At the Cayman Summit, Chris Duggan from Dart Enterprises, director of the Cayman Alternative Investment Summit, was reported to have said that, “This next year will be unlike anything the alternative investment industry has ever faced,” adding, “With rapid technological changes and major geopolitical shifts around every corner, the industry must show that it can chart a path through what promises to be choppy waters.”

Other identified challenges in terms of the disruptive potential of technology, nearly a third of the Cayman Summit attendees anticipate that artificial intelligence will have the most significant impact this year. Other popular choices included robotics/automation (19 percent), block chain (18 percent), cybersecurity (16 percent), self-driving cars (10 percent) and wearable tech (5 percent).

With so much uncertainty, country Sint Maarten must embrace opportunities that present themselves that offer long-term sustainable economic security. 

Many islands in the Caribbean export products to China such as medical, surgical/veterinary instruments and appliances; parts for telephone sets; non-roasted coffee; woven cotton fabrics; orthopedic devices, plastic articles; fresh fish; shaped wood; essential oils; synthetic knitted undergarments; methanol, printed materials, and electric conductors.  Besides the aforementioned, you also have financial and international business services and Chinese tourist which is still in its infancy.

The US-China Economic and Security Review Commission said China's ties with the Caribbean had strengthened over the decade. "[They] are likely to continue to expand under President Xi Jinping, who has emphasized relations with the region more than his predecessors.
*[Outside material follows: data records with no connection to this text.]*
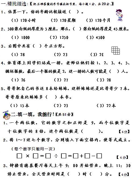 武汉奥数网11月9日:人教版小学三年级上学期数学期末总复习试卷,趣味数学竞赛题汇总!
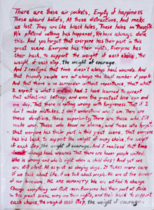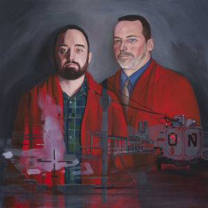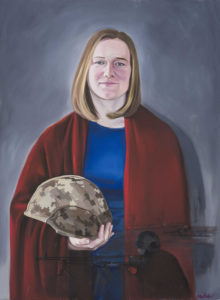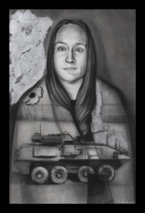 The portraits are Self-represented without wearing their uniform. They are dressed casually as they are in their recovery and treatments, and covered with a red blanket, which symbolizes courage, passion, and life force (resilience). The integrations of symbols as shadows represents trades or branches and or anything that connects to the personal story of the person depicted in the artwork.
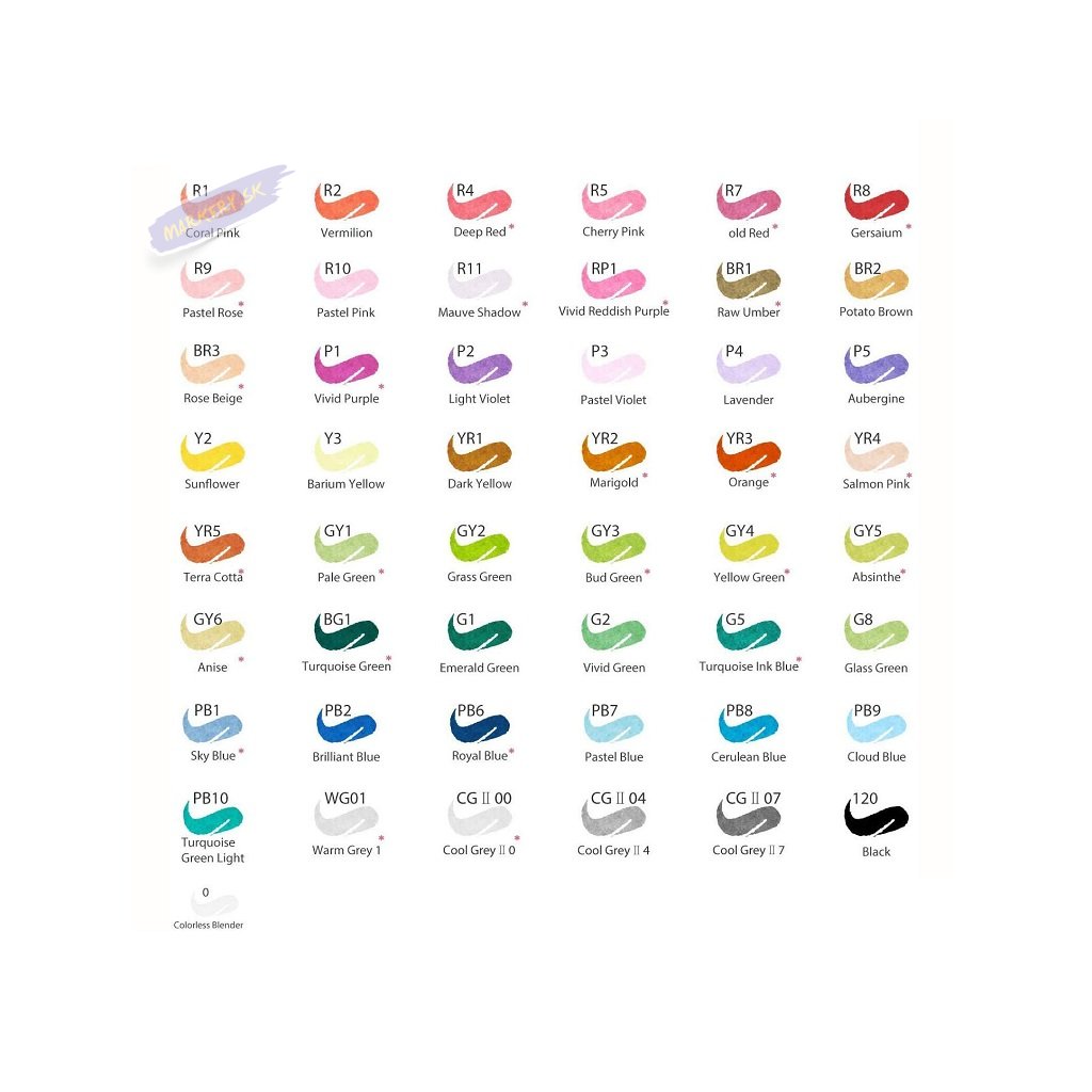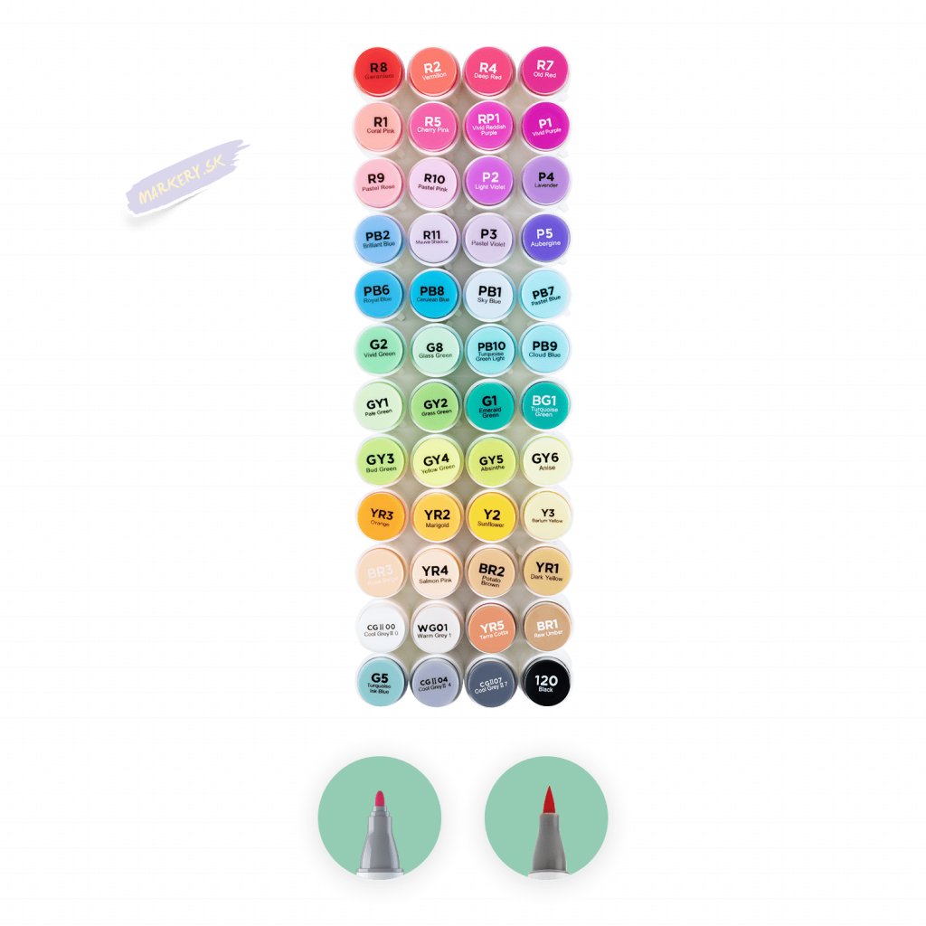 Obojstranné popisovače OHUHU na báze alkoholu s tenkým pevným hrotom na jednej strane a štetcovým hrotom na strane druhej.
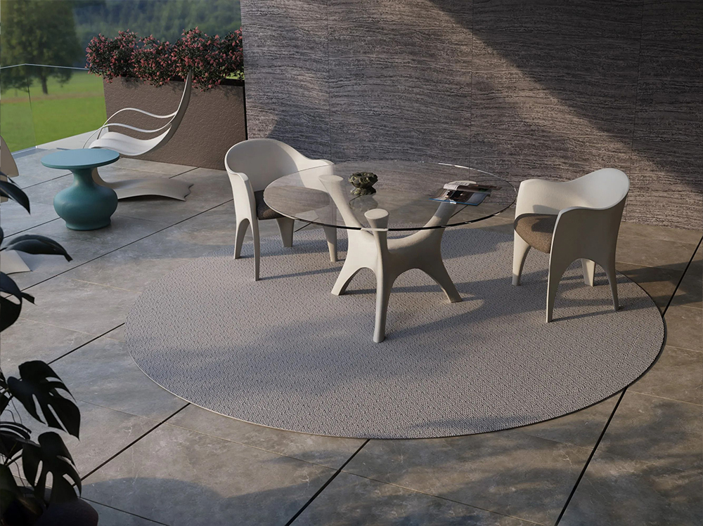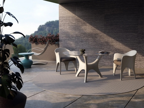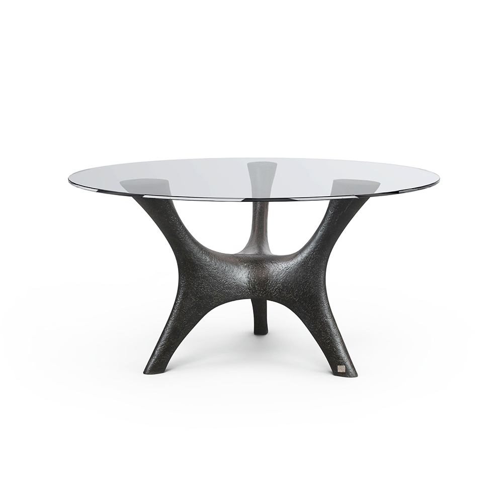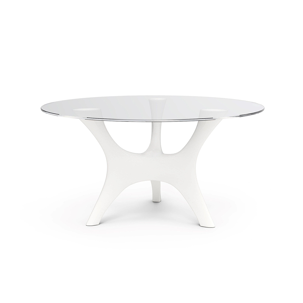 Sleek Sculptural Dining Table with Fiberglass Frame and Glass Top for Modern Decor
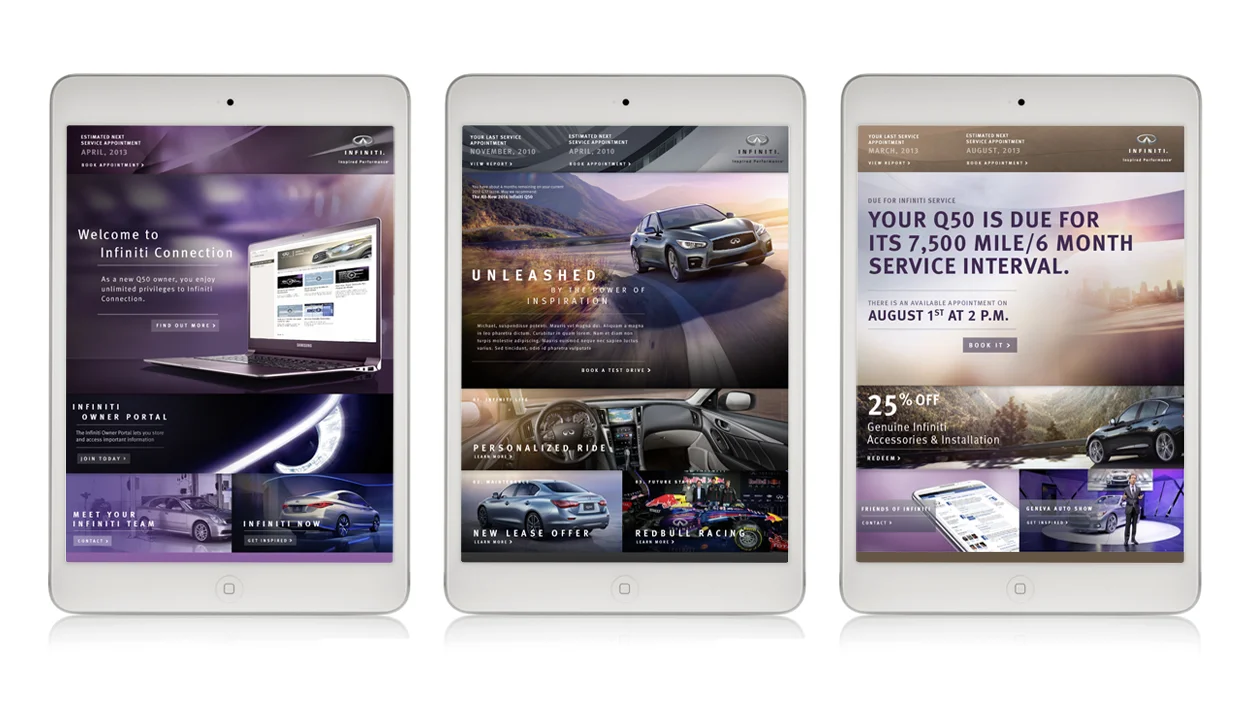 Once we get a customer's info into the Infiniti database, we start communicating with them right away. I helped create this digital CRM program that serves up information relative to that reader, whether they are a prospect, an owner looking for maintenance schedules, or a lessee looking for info on the latest and greatest from Infiniti.

Beijing likely views the Caribbean as strategically important by virtue of its proximity to the US and major maritime trade routes and infrastructure, such as the Panama Canal and the region's ports," it said.

China is among the world’s top source markets where tourism is concerned. China, with double-digit growth in expenditure every year since 2004, continues to lead global outbound travel, benefiting Asian destinations such as Japan and Thailand, as well as the United States and various European destinations.  In 2015, Chinese outbound tourist visits reached 120 million.  Chinese tourists, now in top position, have spent $182 billion, USA $122 billion, Germany $94 billion, UK $61 billion and Russia just under $50 billion.

Sint Maarten looking East would benefit the long-term sustainable economic interests of the country.